● **The problem**
Taking the line with "Poďte objavovať svet" as the first and the line with "Universal Tray Rack, mobile, full" as the last, set down the lines below exactly, pictures excluded.

● **Input**
■ ■ ■ ■ ■ ■ ■

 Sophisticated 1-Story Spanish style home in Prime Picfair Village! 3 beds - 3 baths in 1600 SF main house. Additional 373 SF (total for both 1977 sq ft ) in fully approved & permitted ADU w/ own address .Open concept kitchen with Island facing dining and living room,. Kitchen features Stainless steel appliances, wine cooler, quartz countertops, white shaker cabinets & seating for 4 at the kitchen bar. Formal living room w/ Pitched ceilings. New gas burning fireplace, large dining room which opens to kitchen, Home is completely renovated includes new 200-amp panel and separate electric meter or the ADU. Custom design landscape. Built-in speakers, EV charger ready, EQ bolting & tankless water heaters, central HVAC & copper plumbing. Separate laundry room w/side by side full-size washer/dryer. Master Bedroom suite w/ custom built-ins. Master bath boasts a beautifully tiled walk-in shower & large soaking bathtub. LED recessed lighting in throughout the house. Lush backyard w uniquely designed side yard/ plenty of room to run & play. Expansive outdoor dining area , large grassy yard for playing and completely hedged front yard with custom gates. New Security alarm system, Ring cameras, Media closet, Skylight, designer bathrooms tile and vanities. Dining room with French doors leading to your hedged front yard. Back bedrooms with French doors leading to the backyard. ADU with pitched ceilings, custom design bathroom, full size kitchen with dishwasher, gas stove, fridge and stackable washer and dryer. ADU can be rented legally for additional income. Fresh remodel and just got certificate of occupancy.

■ ■ ■ ■ ■ ■ ■

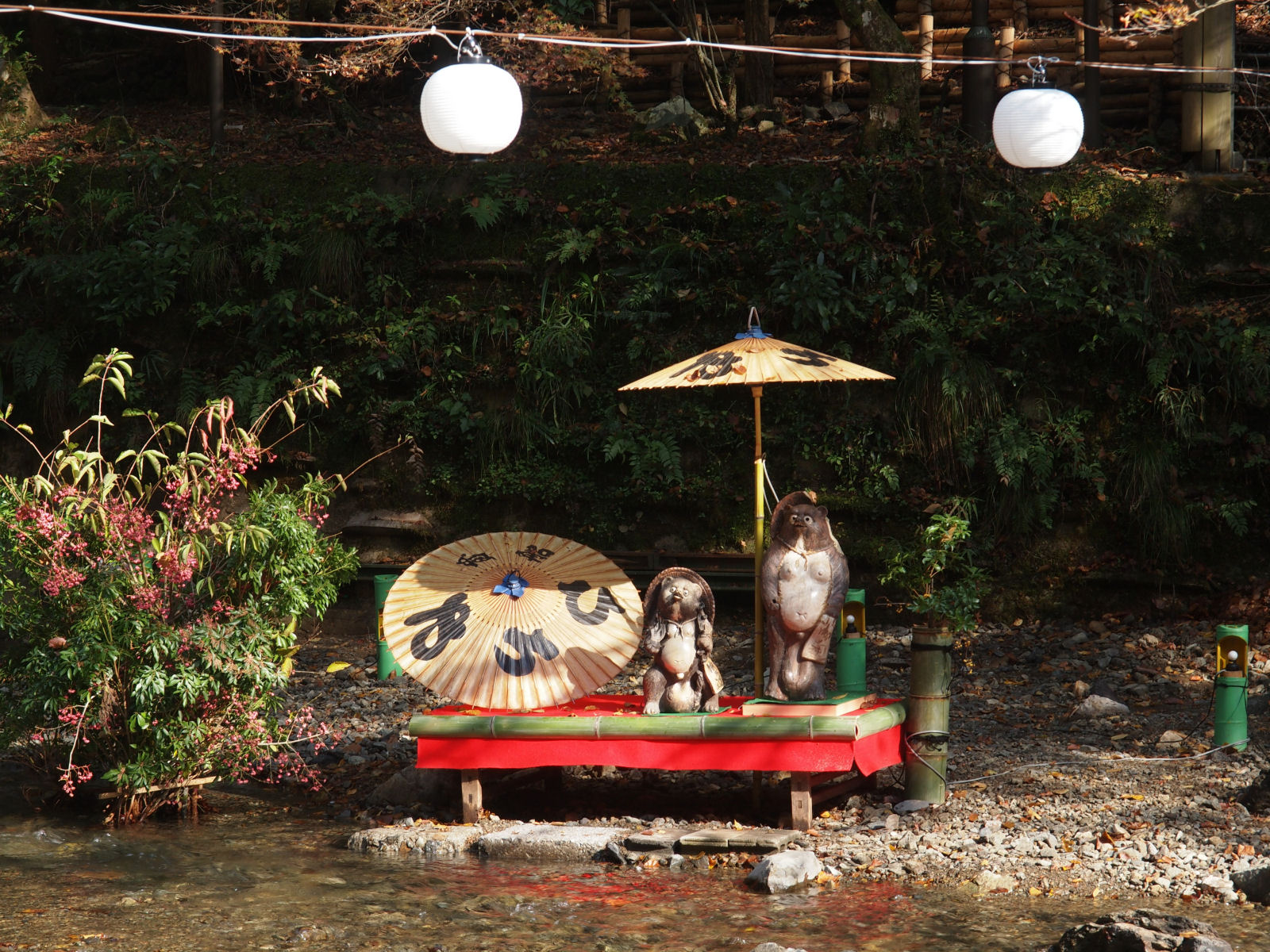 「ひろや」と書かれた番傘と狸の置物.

■ ■ ■ ■ ■ ■ ■

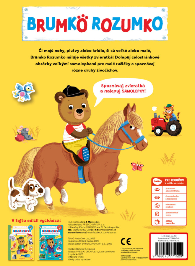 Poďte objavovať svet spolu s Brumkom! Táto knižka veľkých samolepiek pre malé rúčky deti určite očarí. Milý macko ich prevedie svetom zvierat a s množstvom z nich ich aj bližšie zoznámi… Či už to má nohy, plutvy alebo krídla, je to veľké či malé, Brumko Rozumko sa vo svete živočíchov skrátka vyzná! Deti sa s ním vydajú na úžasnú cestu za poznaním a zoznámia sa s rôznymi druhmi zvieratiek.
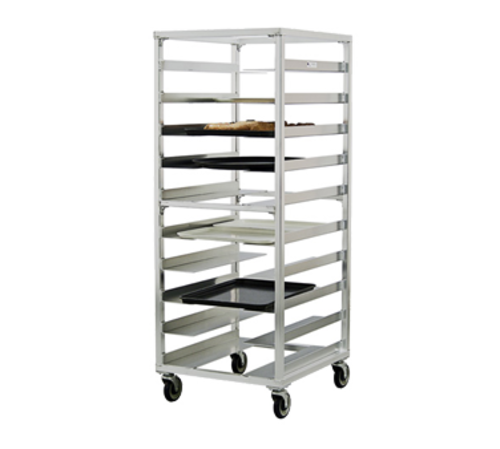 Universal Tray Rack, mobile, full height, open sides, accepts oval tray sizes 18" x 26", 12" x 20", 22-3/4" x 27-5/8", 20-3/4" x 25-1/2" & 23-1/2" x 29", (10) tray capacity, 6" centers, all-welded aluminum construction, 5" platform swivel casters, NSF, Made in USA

■ ■ ■ ■ ■ ■ ■

● **Solution for this problem**
 Poďte objavovať svet spolu s Brumkom! Táto knižka veľkých samolepiek pre malé rúčky deti určite očarí. Milý macko ich prevedie svetom zvierat a s množstvom z nich ich aj bližšie zoznámi… Či už to má nohy, plutvy alebo krídla, je to veľké či malé, Brumko Rozumko sa vo svete živočíchov skrátka vyzná! Deti sa s ním vydajú na úžasnú cestu za poznaním a zoznámia sa s rôznymi druhmi zvieratiek.
 Universal Tray Rack, mobile, full height, open sides, accepts oval tray sizes 18" x 26", 12" x 20", 22-3/4" x 27-5/8", 20-3/4" x 25-1/2" & 23-1/2" x 29", (10) tray capacity, 6" centers, all-welded aluminum construction, 5" platform swivel casters, NSF, Made in USA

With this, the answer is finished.